RSS
Facebook
Twitter

Senin, 31 Desember 2012

Janji

Harapan yang baik akan dikabulkan, janji yang baik akan ditepati. 
Insya Allah.


Aku ingat tentang perkataan seorang senior.
Kalau takut, jangan berani-berani.
Kalau berani, jangan taku-takut.

Tahun ini aku belajar bahwa ketika aku memulai sesuatu dengan sedikit saja keraguan, maka ketakutan akan terus membayangi sampai akhir. Padahal, aku tahu bahwa coba saja dulu aku memulainya dengan mantap hati, maka segala masalah yang datang akan bisa terantisipasi dan terselesaikan dengan baik, tentunya dengan kepala dingin.
Di sini, kalimat pertama sudah dilanggar ----- Kalau takut, jangan berani-berani.
Terlalu memaksakan diri akibatnya bisa fatal.

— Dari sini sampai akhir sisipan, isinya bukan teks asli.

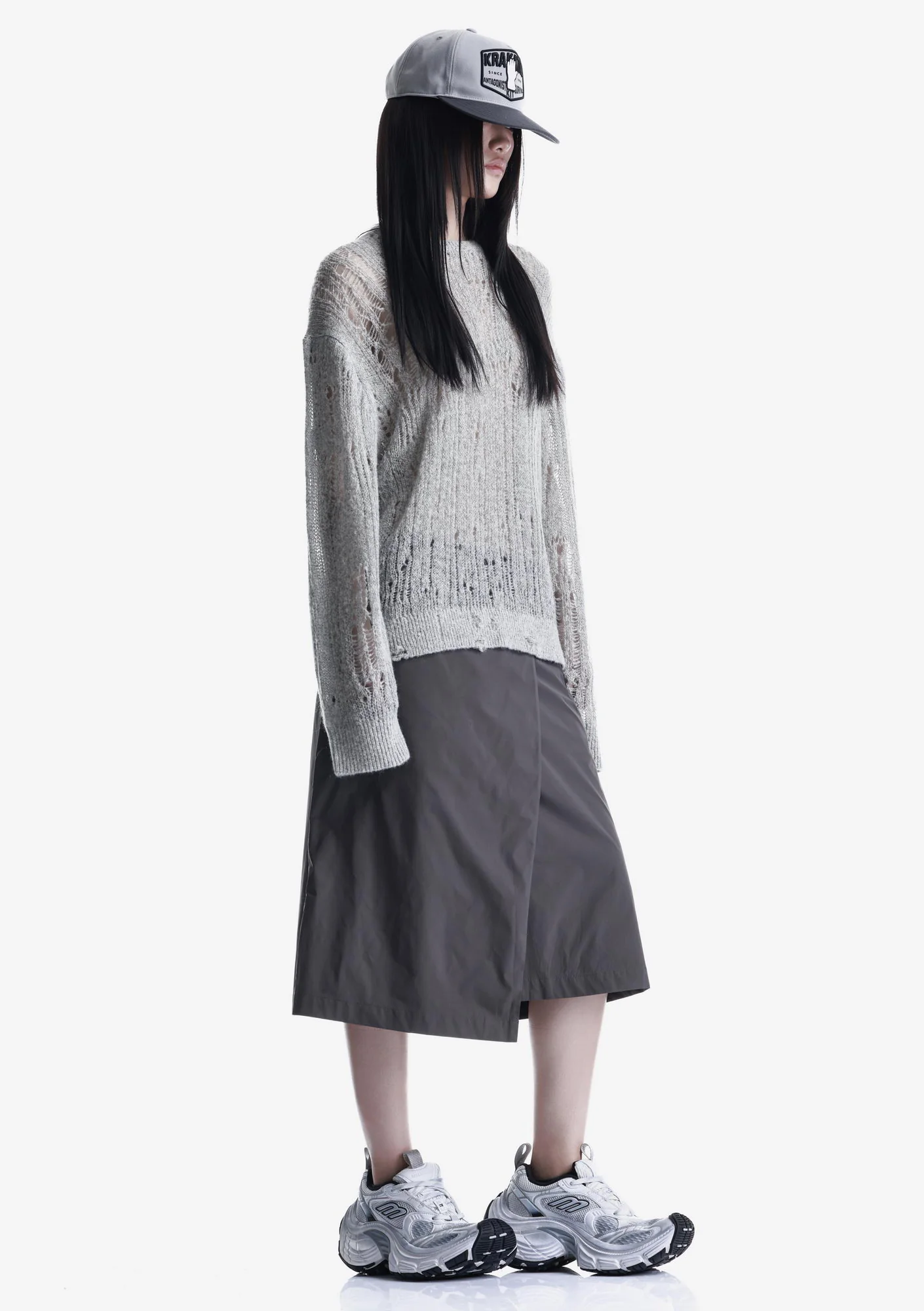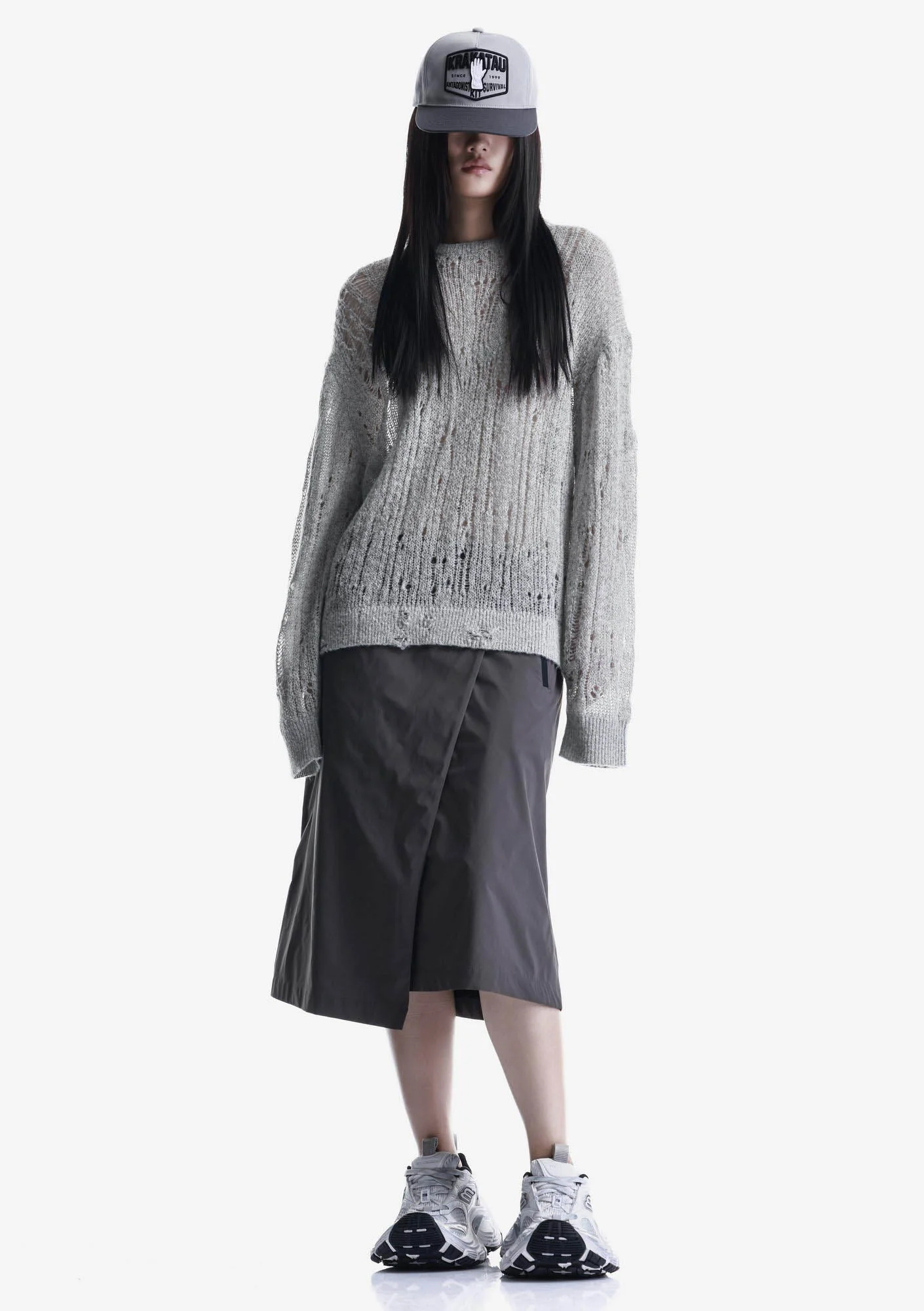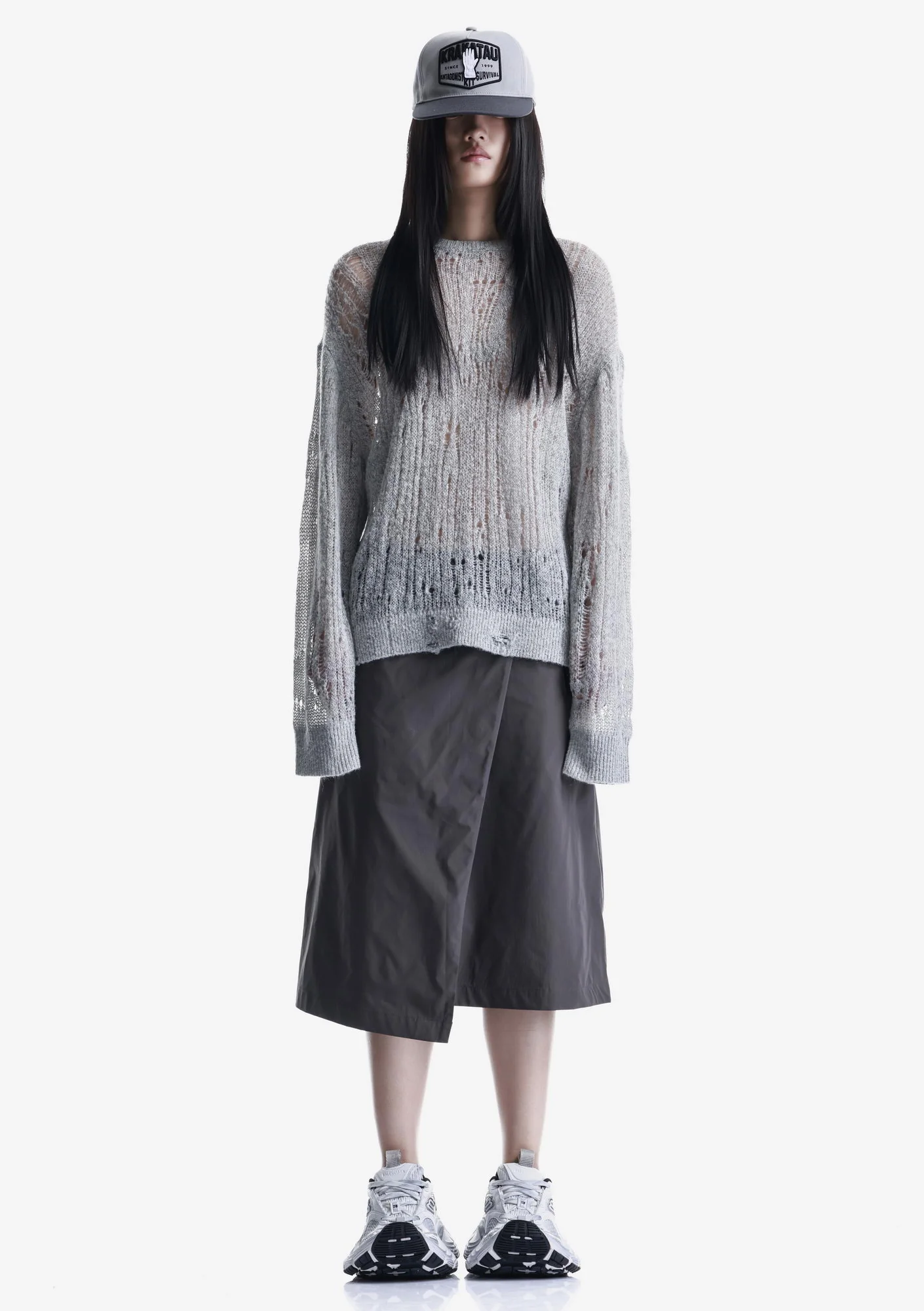 Свитер с круглым вырезом и удлинёнными рукавами выполнен сетчатой вязкой, создающей лёгкую, фактурную структуру. Смесовая пряжа на основе нейлона, акрила, шерсти и мохера сочетает мягкость, тепло и устойчивость формы, сохраняя прочность и комфорт в носке.

Yap, tentunya berjuang dengan keterbatasan dan terlalu memaksakan diri adalah dua hal yang berbeda, bukan?

Aku tahu, bahkan sudah sangat tahu bahwa memilih adalah hal yang tidak boleh diremehkan. Apalagi hanya karena rasa tidak enak hati, hanya karena banyak sekali pertimbangan yang ternyata dapat menggoyahkan diri.
Padahal, ketika aku sudah memulai langkah awal, aku tidak boleh mundur lagi. Yang harus kulakukan adalah melanjutkannya sampai akhir.
Aku yakin, bahkan sudah sangat yakin bahwa apapun halangan yang ada selama perjalaanan ini, semuanya siap kuhadapi.
Aku berani...
Tapi lagi-lagi, ada saja terlalu banyak toleransi yang muncul di sana-sini. 
Aku tahu bahwa aku tidak boleh memikirkan diri sendiri. Aku harus memikirkan dirimu dan dirinya juga ----- diri kita semua. Namun, aku tak sadar kalau aku melupakan satu hal : seharusnya aku lebih mengerti tentang apa yang harus kulakukan dan apa yang tak perlu kulakukan.
Sering ku tak tegas, sering tak kudengar perkataannya, sering kumenolak apa yang sudah diteriakkan oleh sang hati nurani.
Tidak sadar akan mana yang benar, eh?
Aku masih takut-takut.
Kalau berani jangan takut-takut, aku telah mengabaikannya juga.

Belum lagi jika bicara mengenai FOKUS.
Ya ampun, bahkan hal-hal kecil bisa membuyarkan pada kefokusan terhadap hal-hal yang lebih subtil!
Sejak kapan aku pusing terhadap hal-hal yang sepele?
Padahal, coba saja fokus dengan apa yang kukerjakan pasti hasilnya lebih maksimal kan?
Sadar diri, sadar posisi, sadar potensi, sadar keadaan, sadar peluang.
Ternyata hanya perlu sedikit lebih peka kemudian fokus, fokus, dan fokus.
Fokus, tidak sulit untuk dikatakan namun juga tidak mudah untuk dilakukan.
Tapi jika bersungguh-sungguh pasti bisa, Insya Allah.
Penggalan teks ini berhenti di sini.